4. Allowing your attacker to get too close.

We’ve all seen it, two men throwing insults, shouting getting right in your face and you end up in a face to face stand off. This is a pretty ridiculous situation to be in as you leave yourself open to a sucker punch. What is worse however your attention is drawn to your attacker and not the surrounding environment. Keep them at a fair distance, say at arms length this allows you to deter the attacker and see what is around you. This is the principle of the fence devised by Geoff Thompson.

5. You think that you should fight fair.

Whilst Dojo/Kwoon etiquette teaches you fairness in fighting your attacker will not. Attackers often strike at opportune moments or put themselves in an advantageous position. They may have a weapon or mates waiting in the wings either way they will try and win at any cost. You should be ready for anything and also ready to do anything to survive. There’s an old saying ‘If you find yourself in a fair fight, you are doing something wrong….’

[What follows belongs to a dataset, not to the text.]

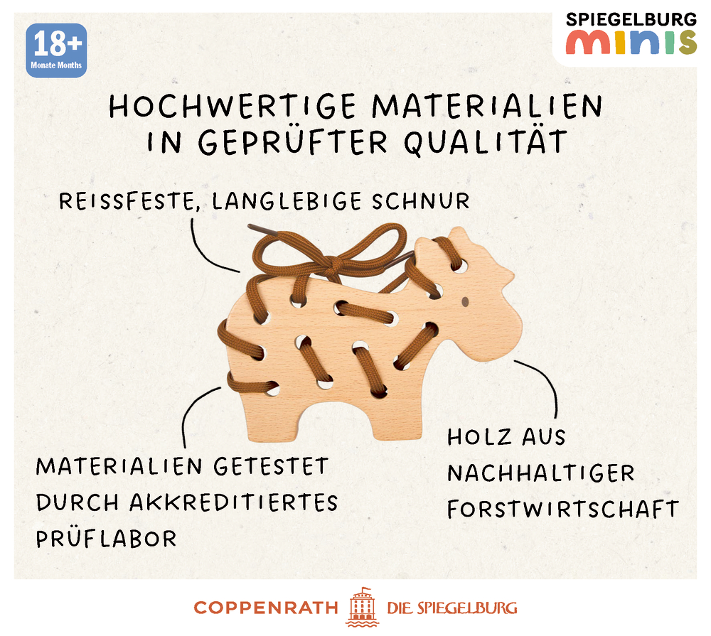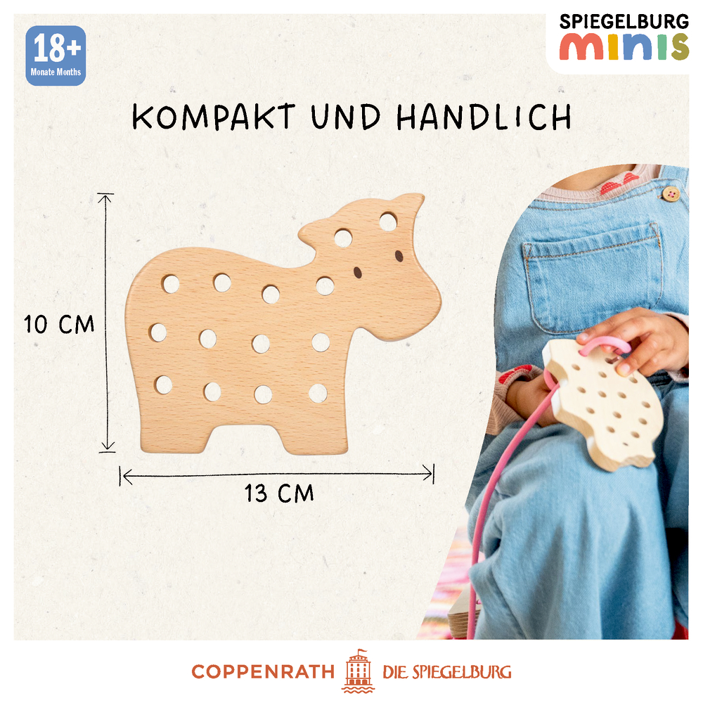 Das Fädelspiel - Spiegelburg minis von Die Spiegelburg macht Kindern Spaß und stärkt nebenbei ihre Feinmotorik. Mit der bunten Fädelschnur kann das Holzschwein immer wieder neu durchzogen werden. So entsteht ein kleines Kunstwerk, das Geschick, Konzentration und Geduld fördert, ohne dass es sich nach Lernen anfühlt.

6. You allowed yourself to fight in the first place.

Fight prevention is betting than allowing your self to get into the situation in the first place. You didn’t back down or walk away, you are soon to be in a fight…

If you are fighting, there’s a bloody good chance you will loose somehow…. You may win the altercation but you could be arrested, you could pick an injury up (a serious one if he has a weapon), you could end up seriously injuring your attacker….

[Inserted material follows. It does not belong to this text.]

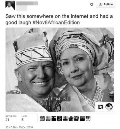 在非洲网民所发的推特中,希拉里和特朗普被PS在了一起,两人的脸被嵌在两个身着非洲特色服饰的身体中。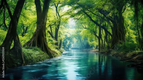 © vectorwin, Fototapeta premium reflection blue and green water color

Simple fact is that no one really wins in a fight… The chances of you coming out of the situation with a ‘Total Victory’ are slim, factors affecting the outcome occur before during AND after the fight. One way or another, theres a good chance you will loose…

Biu Jee – Wing Chun’s Insurance Policy

Wing Chun does not lend itself to athletics (sport) or aesthetics, and although some do not teach it that way, it is, by purpose, a method of physical self-defence. Some instructors opt to teach other, more traditional aspects, such as health benefits and the spiritual side of the art. So depending on what you want from it or how it is taught, determines what you get from it. Although I have belief in it philosophical and spiritual side, for me it is a fighting system and it is taught as such. Nowhere in all the Wing Chun forms is the fighting element more evident than in the 3rd empty hand form in the system, Biu Jee.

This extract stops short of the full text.